第136話 リアムとニカノール

「あの……リアムごめんなさい……勝手に抜け出して……」


 リアムはまだアダルヘルムの様な笑顔で私を見ている、お怒りは謝ったぐらいでは解けないようだ。


 私はリアムにも何故店から抜け出したのかを話し出した。

 従業員探しの散歩の予定だったこと、ニカノールに助けられたこと、スラムで子供たちを助けた事などだ。スラムに二回も行った話をするとリアムだけでなくランス達も頭を抱えてしまった。


 そんな皆を気にしながらもそのまま話を続けた、スラムで助けた子供たちをディープウッズで引き取ろうと思っている事だ。あんなに怖い笑顔だったリアムも思っても居なかった事だったのか、ただ茫然とし、驚いた顔のまま固まってしまった。

 仕事を続けていたランス達も驚いたのか、ついに近場の椅子に腰を下ろして、驚いた顔を私に向けていた。


 そんなリアム達を一旦落ち着かせるために、話を変えてニカノールの紹介をすることにした。助けてくれたと言う話をした時に、とても優しくて素敵な人だと伝えてあるので、皆のニカノールに向ける視線はとっても優しい物であった。


「えーと、さっき話したニカノールさん、ニカには新しく作るブティックと化粧品販売店で働いて貰いたいと思っているの」

「へっ?!」

「はっ?!」


 リアムとニカノールの声が揃った。二人で顔を見合わせると、驚いた顔のままで私の方を見てきた。
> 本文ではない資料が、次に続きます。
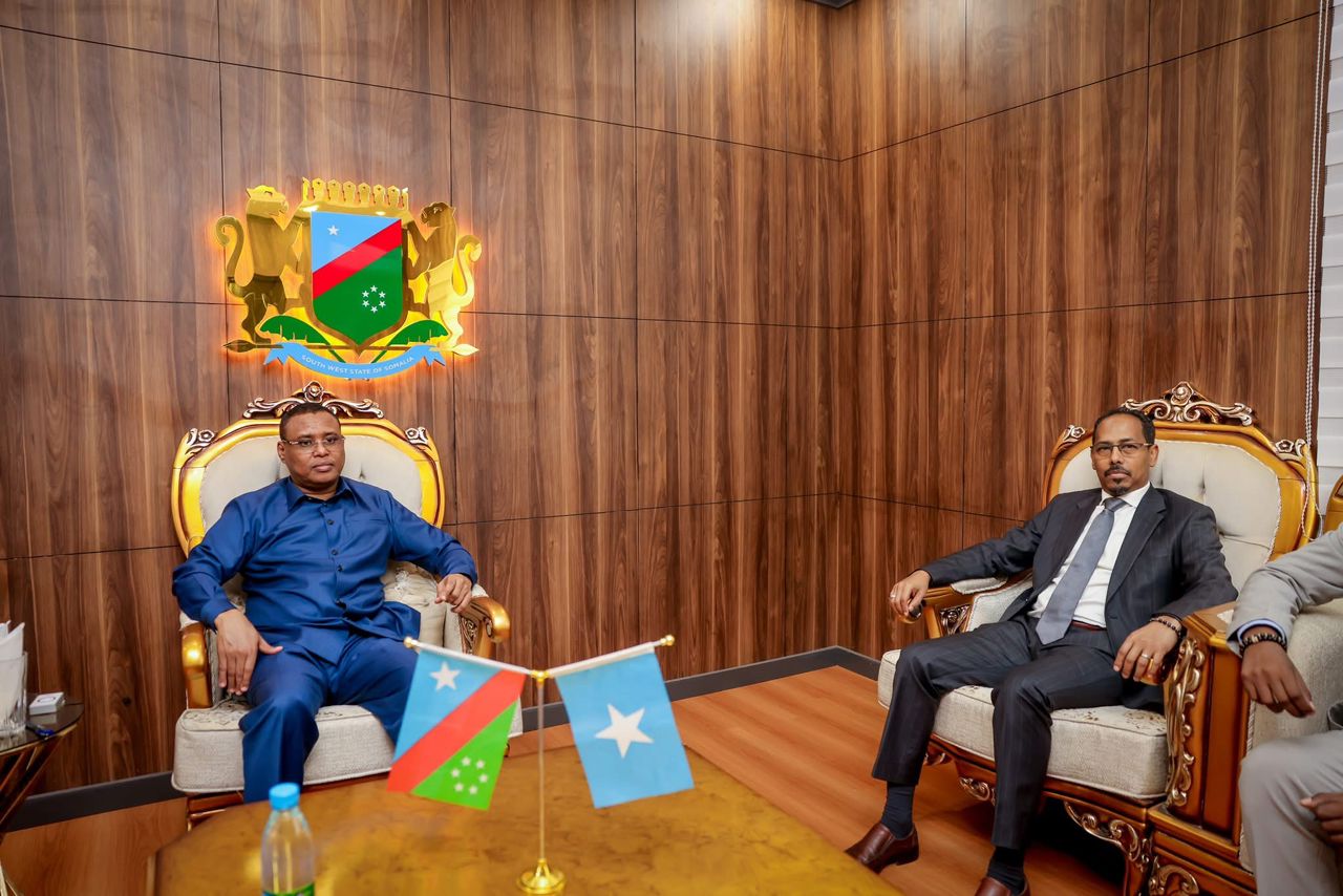 HOGAAMIYE JIBRIIL CABDIRASHIID Xaaji Baydhabo Abriil, 28, 2026: Hoggaamiyaha ku meel gaarka ah ee Dowladda Koonfur Galbeed Soomaaliya Mudane Jibriil Cabdirashiid Xaaji ayaa Aqalka Madaxtooyada ee Magaalada Baydhabo ku qaabilay Musharax Madaxweyne Dowladda Koonfur Galbeed Mudane Cabdicasiis Maxamed Sheekh Cusmaan (Jawaari).
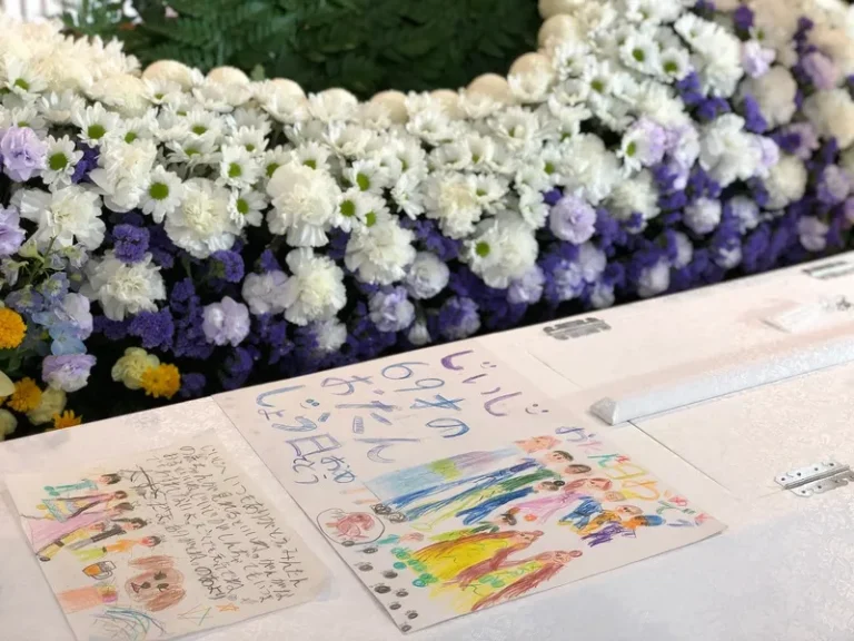 祭壇に飾った沢山の生花はご出棺時に、ご家族さまと参列者の方々の手で御柩の中にお入れします。お花に囲まれて華やかに故人さまをお見送りすることができます。
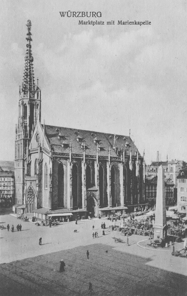 Die neugotische Gestalt der Marienkapelle. Postkarte um 1930. (Bayerische Staatsbibliothek, Bildarchiv port-015535)
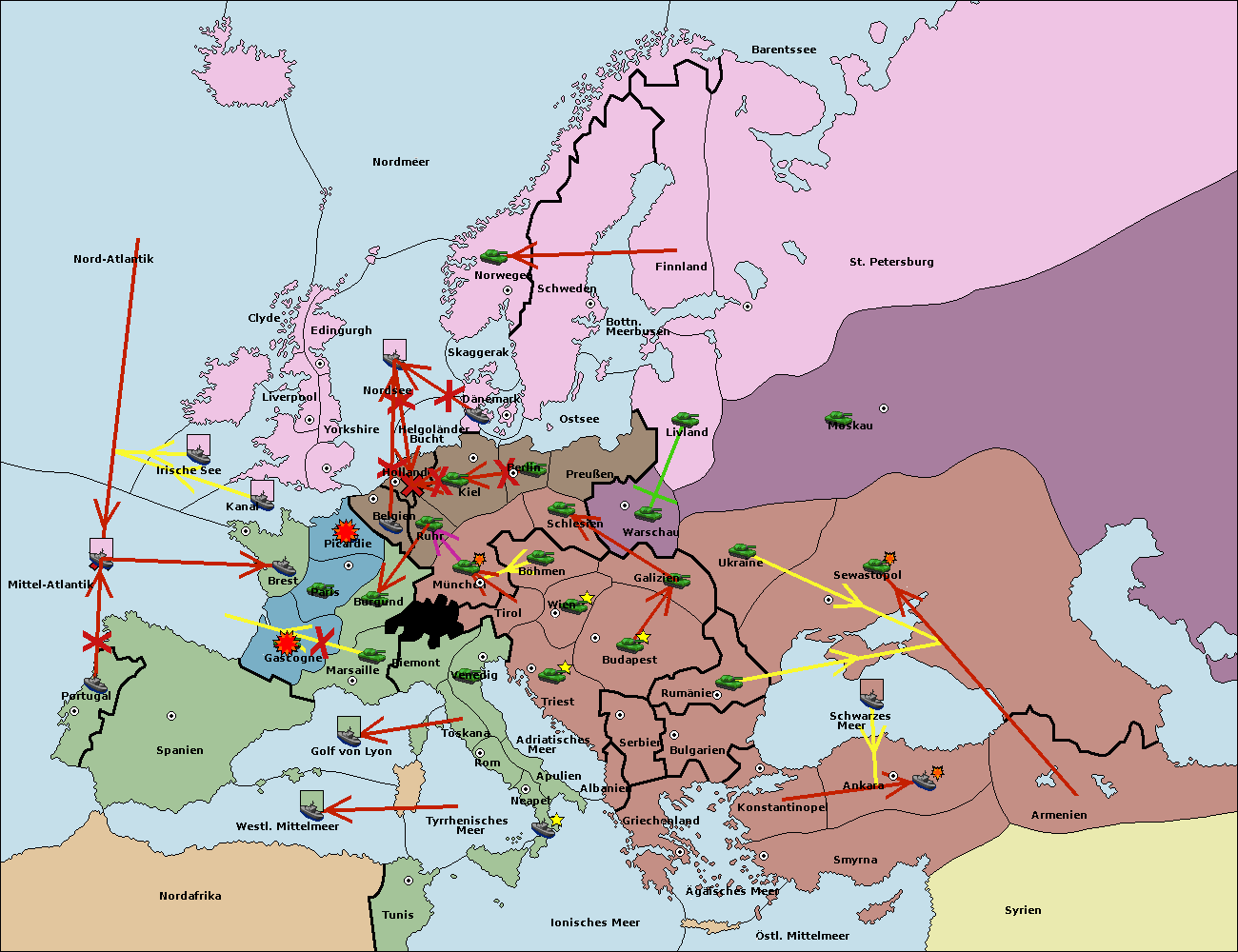 • Die Flotte in Belgien support move nach Holland von Nordsee. (gescheitert) (verdrängt)
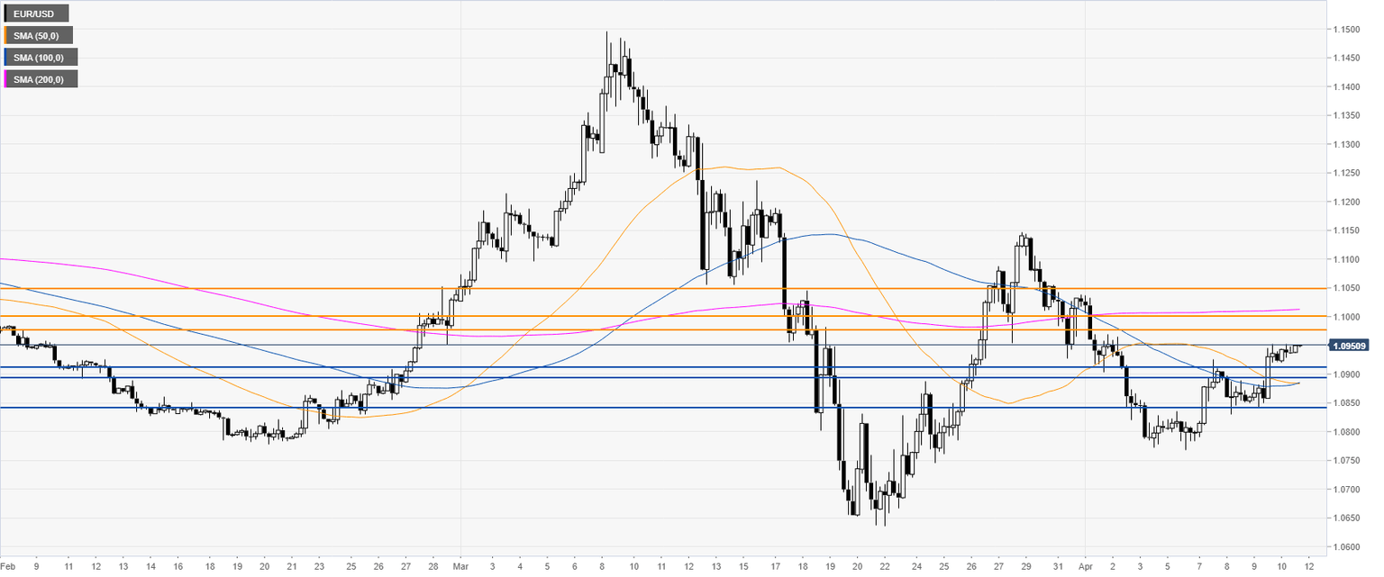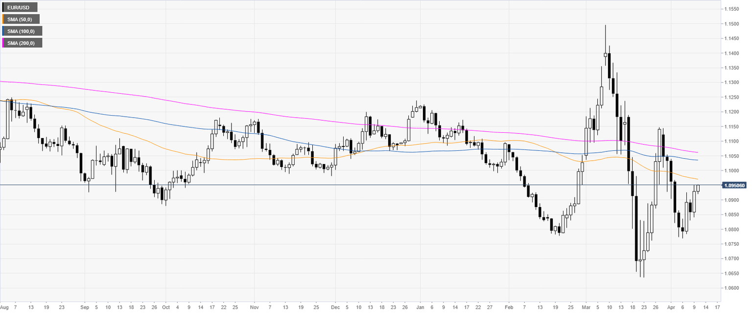 EUR/USD is rebounding from the 1.0800 figure while trading below its main SMA (simple moving average) on the daily chart. This week, the Fed announced the injection of $2.3 trillion in additional loans while US jobless claims soared above 6.6 million.
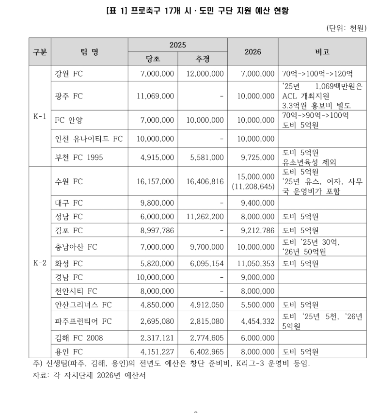 2026년 프로축구 시민구단 예산 근황
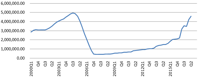 In response to the foregoing challenges in fiscal sustainability and budget management in Nigeria, the government introduced some far reaching budgetary reforms in 2004. Some of the key fiscal policy innovations of the reforms were the introduction of oil price based Fiscal Rule and fiscal consolidation. The main thrust of the Fiscal Rule is that government revenues will be based on a benchmark price that will be less than the prevailing market price, and the excess revenue that accrues to government will be saved for budget stabilization purposes. The Excess Crude Account (ECA) was therefore created to warehouse such excess revenue. It is noteworthy that the ECA account grew to about $20 billion between 2004 and 2007 Figure 4. However, a large proportion of the ECA was used to stabilize the economy in the wake of the Global Financial Crises of 2007 to 2009 that impacted oil price developments worldwide.
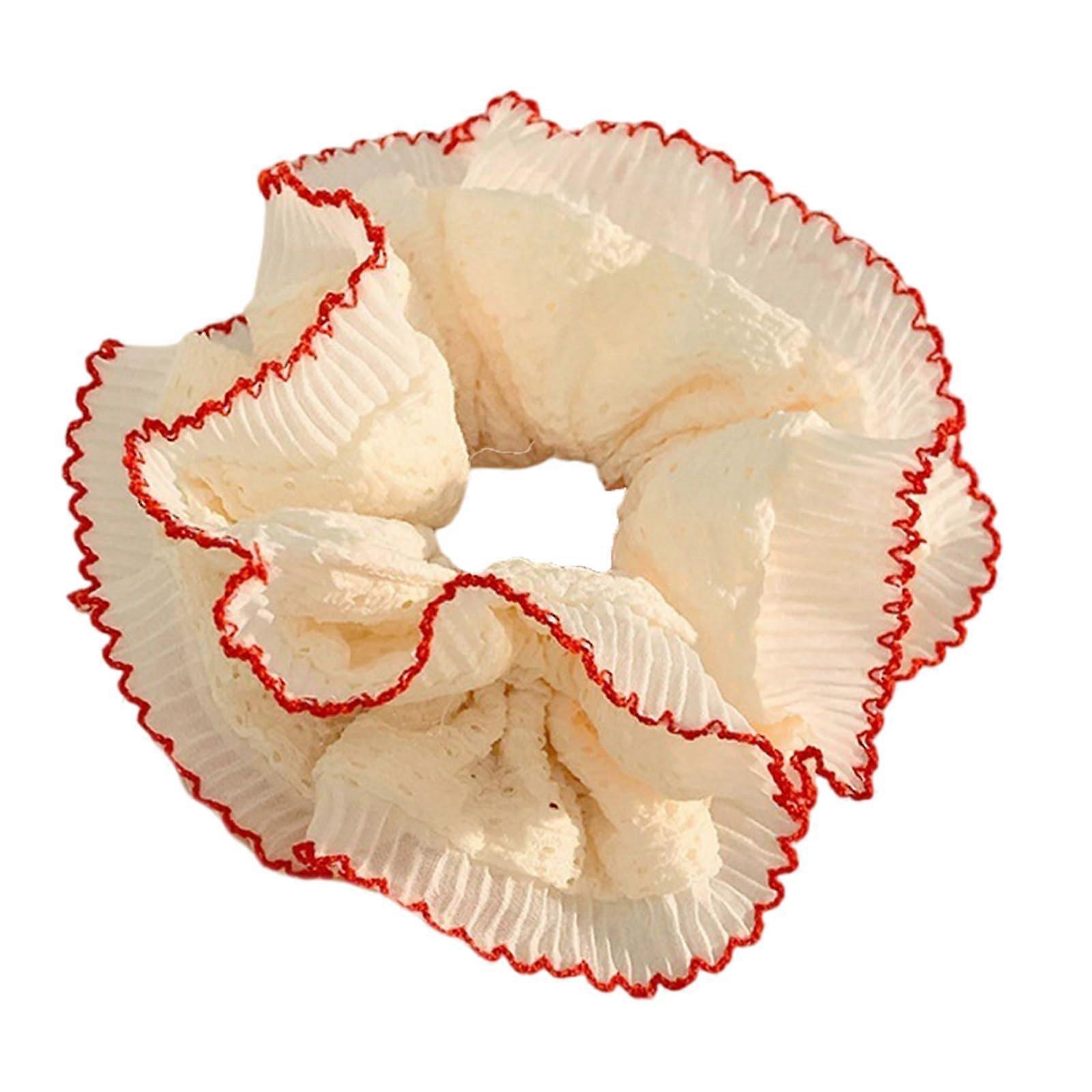 Elegant Red Lace Hair Scrunchie Double Layer Elastic Hair Tie for Women Formal and Casual Wear

何だか息ピッタリな二人の姿に思わず笑いが込み上げてしまう。


 仕事の話になったのでランス達も何とか動き出し、こちらへと近づいてきた、でも顔は固まったままの商人スマイルだ。


「ララ……詳しく話してくれるか?」

「ええ、そうよララちゃん、あたしにも説明して欲しいわ」


 同じ様な動きと言動をするリアムとニカノールに微笑みながら、私は頷き説明を始めた。

 先ずはニカノールがスター商会の化粧品に詳しい話をする、製作者の私やマルコ達並みに成分などを良く理解している事、自分でも使って試している事などだ。

 スター商会の化粧品は庶民にはまだ高い物である、でもそれをニカノールは購入し試している、相当な美に対しての意識があるからだ、こんな人はめったにいないのだとリアム達に説明をした。

 次にブティックの件だが、ニカノールはリタに合う洋服をキチンと見つけることが出来た、これは庶民では難しいことなのだ。

 商人としての知識があれば色や形など購入者に合ったものを選ぶことが出来るだろう、だがそれは修行をして役職に就くぐらいになって初めて出来る様な事なのだ、これはマイラから教えてもらった事なのだが、庶民が服を選ぶ基準は値段で有り、それ以上の物は求め無いそうだ。

 反対に貴族はいかに派手なのか、目立つのか、高価なのかという事が大事だそうで、似合う似合わないは二の次にされているとの事であった。


「私はニカに、【トータルコーディネート】の仕事をして貰う予定でいるの」

「と……とうたる? こーで? なんだそれ?」


 後ろにいる皆もリアムやニカノールのように首を傾げている、いい大人の男性が揃って可愛らしく首を傾げている姿はとても面白かった、笑いたくなるのをグッと我慢しながら私は話を続けた。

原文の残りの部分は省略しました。